In this blog series all about The Cyber Data Conundrum, I’ll be discussing how insurers should manage the collation, analysis and curation of cybersecurity data, as well as how CyberCube’s unique approach meets the needs of the cyber insurance industry. In the first part of the series, I’ll highlight some of the challenges that insurers face when using cybersecurity data for cyber insurance.

How can you get the signals you need?

Essentially, signals are built by processing raw data. Raw data is unstructured, unassociated data gathered through a variety of means including port scanning, dns sinkholes, dark web intelligence, among others. It may have one or more identifiers, like an IP range or address, domain, or email address, etc. but observations remain rough and in petabytes of unmatched, unmapped, fragmented, duplicated and noisy disaggregated storage.
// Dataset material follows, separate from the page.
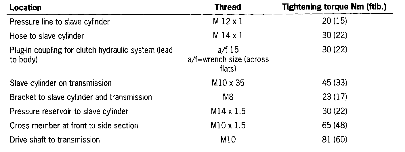 Clutch Tightening Specifications
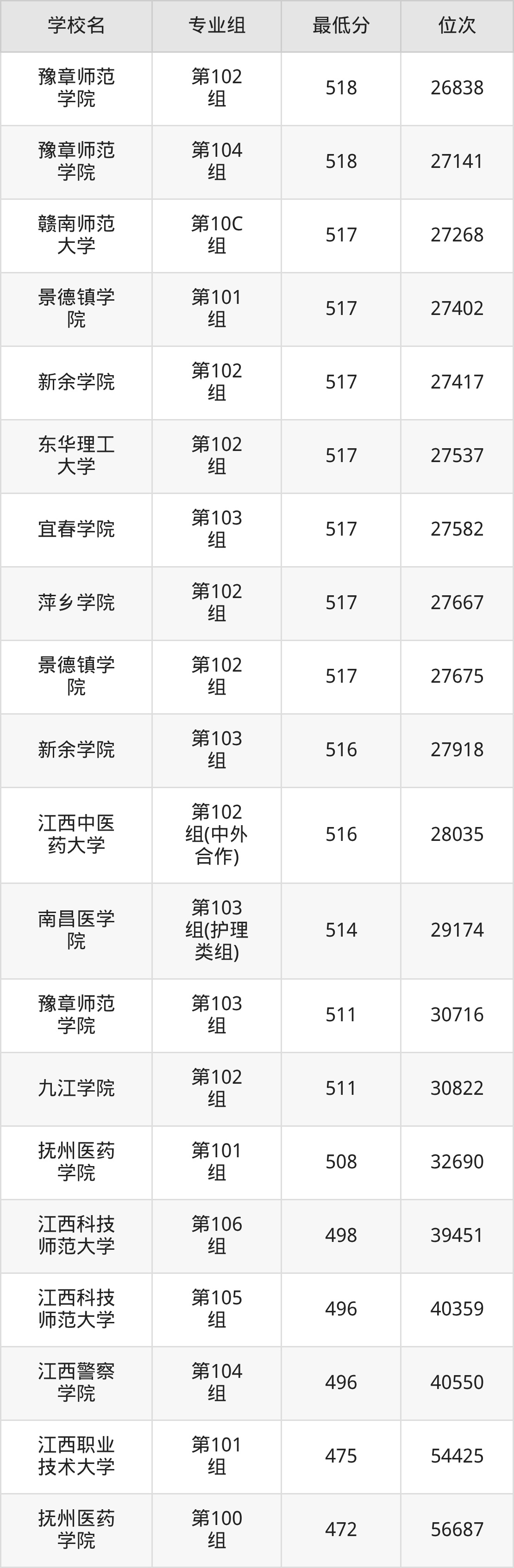 (6)宜春学院:2025年公办本科分数线517分到527分,位次区间是27582名到22192名,招生专业组有4个,最低为第103组、最高为第104组。

The process of collecting data is also critical. The complexity of the data collection activity by itself requires enormous effort and attention to detail. For the sake of scalability, many large-scale data collection efforts rely on simplified steps of the communication processes to establish the presence of servers or services. If improperly executed, this could lead to spurious observations that may not truly be indicative of a company’s risk posture.

Once properly collected, the post-collection data engineering effort necessary to actually make this data usable for insurance begins. The data needs to be appropriately contextualized, which means processing, cleaning, deduplicating, associating and mapping to specific companies, before being correlated and mapped to specific companies, then further analyzed to develop the relevant signals that underwriters need to understand the risks they’re evaluating.

If you are an insurance carrier, an MGA, or any other type of underwriting shop, you have a few options when it comes to implementing cyber risk signals into your underwriting workflow:

1. Collect the raw data and build everything from scratch yourself
2. Contract with a third-party firm that collects, cleans, processes and maps the raw data on your behalf, and then build the signals yourself
3. Partner with a third-party firm that collects, cleans, processes, and maps the raw data, and then generates signals on your behalf. You can then apply those raw signals using your own understanding of cyber risk

Given the complexities, domain expertise, and in-house resources needed for options one and two, partnering with a signal and cyber data vendor to build signals on your behalf is becoming all the more common.

What to consider with a data vendor

By using third-party cyber risk signals and scores, the underwriting process can be more efficient, and underwriters can be better informed with a unique view of risk — especially if the time available to spend on an account is limited due to either the volume of submissions or the size and complexity of the submission. Signals and scores provide an additional method and lens for risk triage, vulnerability identification, data corroboration and overall cyber risk hygiene.

For those looking to partner, there are multiple aspects you should keep in mind when evaluating data and signals for your insurance underwriting, including, but not limited to:

- What is the signal and/or score measuring?
- How was the score/signal built?
- What is the resolution of the signal (and resolution of the underlying data)?
- What is the signal mapped and attributed to (domain, IP, company, etc.)?
- What is the relevance of this signal for Cyber Underwriting?
- What is the correlation of this signal to the frequency of an event?
- What is the correlation of this signal to the severity of an event?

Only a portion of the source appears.